Five steps: Prepare dataset - Image preprocessing - Set parameters - Monitor Lora training process - Training completion
*Taking the training of a facial Lora with SeaArt as an example.
*If you want to learn more about creating a dataset, you can read the guide below.
How To Create Dataset For TrainingWhen uploading the dataset, it's essential to maintain the principle of "diversified samples." This means the dataset should include images from different angles, poses, lighting conditions, etc., and ensure that the images are of high resolution. This step is primarily aimed at helping AI understand the images.
I. Cropping images II. Tagging III. Trigger words.
I. Cropping images
To enable the AI to better discern objects through images, it's generally best to maintain consistent image dimensions. You can choose from 512*512 (1:1), 512*768 (2:3), or 768*512 (3:2) based on the desired output.
Crop Mode: Center Crop / Focus Crop / No Crop
Center Crop: Crops the central region of the image.
Focus Crop: Automatically identifies the main subject of the image.

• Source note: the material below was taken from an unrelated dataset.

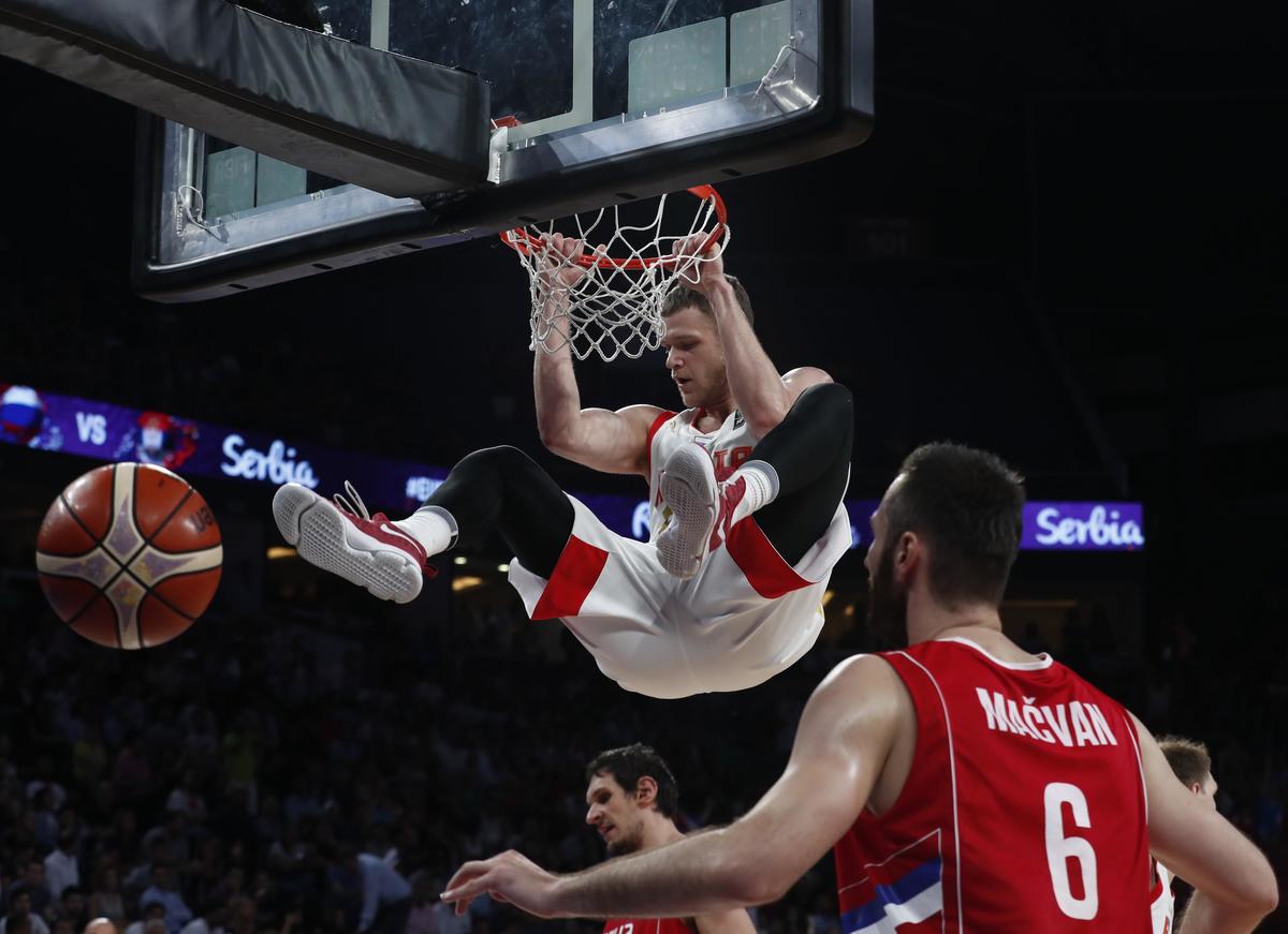Basketball - Russia v Serbia - European Championships EuroBasket 2017 Semi-Final - Istanbul, Turkey - September 15, 2017 - Timofey Mozgov of Russia and Boban Marjanovic of Serbia in action. REUTERS/Osman OrsalBasketball - Russia v Serbia - European Championships EuroBasket 2017 Semi-Final - Istanbul, Turkey - September 15, 2017 - Aleksei Shved of Russia reacts. REUTERS/Murad SezerBasketball - Russia v Serbia - European Championships EuroBasket 2017 Semi-Final - Istanbul, Turkey - September 15, 2017 - Coach Aleksandar Sasha Djordjevic of Serbia greets supporters. REUTERS/Osman OrsalBasketball - Russia v Serbia - European Championships EuroBasket 2017 Semi-Final - Istanbul, Turkey - September 15, 2017 - Vitaly Fridzon of Russia and Vladimir Lucic of Serbia in action. REUTERS/Osman OrsalBasketball - Russia v Serbia - European Championships EuroBasket 2017 Semi-Final - Istanbul, Turkey - September 15, 2017 - Andrey Zubkov of Russia slam dunks. REUTERS/Murad SezerBasketball - Russia v Serbia - European Championships EuroBasket 2017 Semi-Final - Istanbul, Turkey - September 15, 2017 - Vasilije Micic and Dragan Milosavljevic of Serbia celebrate. REUTERS/Osman OrsalBasketball - Russia v Serbia - European Championships EuroBasket 2017 Semi-Final - Istanbul, Turkey - September 15, 2017 - Players of Serbia celebrate. REUTERS/Osman OrsalBasketball - Russia v Serbia - European Championships EuroBasket 2017 Semi-Final - Istanbul, Turkey - September 15, 2017 - Vladimir Lucic of Serbia celebrates. REUTERS/Murad SezerBasketball - Russia v Serbia - European Championships EuroBasket 2017 Semi-Final - Istanbul, Turkey - September 15, 2017 - Players of Serbia react. REUTERS/Osman OrsalBasketball - Russia v Serbia - European Championships EuroBasket 2017 Semi-Final - Istanbul, Turkey - September 15, 2017 - Coach Aleksandar Sasha Djordjevic of Serbia reacts. REUTERS/Osman OrsalBasketball - Russia v Serbia - European Championships EuroBasket 2017 Semi-Final - Istanbul, Turkey - September 15, 2017 - Timofey Mozgov of Russia and Bogdan Bogdanovic and Boban Marjanovic of Serbia in action. REUTERS/Murad Sezer

*Compared to center cropping, focus cropping is more likely to preserve the main subject of the dataset, so it is generally recommended to use focus crop.
II. Tagging
To provide textual descriptions for images in the dataset, allowing AI to learn from the text inside.
Tagging Algorithm: BLIP/Deepbooru
BLIP: Natural language tagger, for example, "a girl with black hair."
Deepbooru: Phrase language labels, for example, "a girl, black hair."
Tagging Threshold: The smaller the value, the finer the description, recommended to be 0.6.
Tagging process: Remove fixed features (such as physical features...) to allow AI to autonomously learn these features. Similarly, you can also add some features you want to adjust in the future (clothing, accessories, actions, background...).
*For example, if you want all the generated images to have black hair and black eyes, you can delete these two tags.
III. Trigger words
Words that trigger the activation of Lora, effectively consolidating the character features into a single word.
Base Model: It is recommended to choose a high-quality, stable base model that closely matches the style of Lora, as this makes it easier for AI to match features and record differences.
Recommended Base Models:
Realistic: SD1.5, ChilloutMix, MajicMIX Realistic, Realistic Vison
Anime: AnyLoRA, Anything | 万象熔炉, ReV Animated
Training Parameters:
Repeat (Single Image Repetitions): The number of times a single image is learned. The more repetitions, the better the learning effect, but excessive repetitions may lead to image rigidity. Suggestion: Anime: 8; Realistic: 15.
Epoch (Cycles): One cycle equals the number of dataset multiplied by Repeat. It represents how many steps the model has been trained on the training set. For example, if there are 20 images in the training set and Repeat is set to 10, then the model will learn 20 * 10 = 200 steps. If Epoch is set to 10, then the Lora training will have a total of 2000 steps. Suggestion: Anime: 20; Realistic: 10.
Batch size: It refers to the number of images the AI learns simultaneously. For example, when set to 2, the AI learns 2 images at a time, which shortens the overall training duration. However, learning multiple images simultaneously may lead to a relative decrease in the precision for each image.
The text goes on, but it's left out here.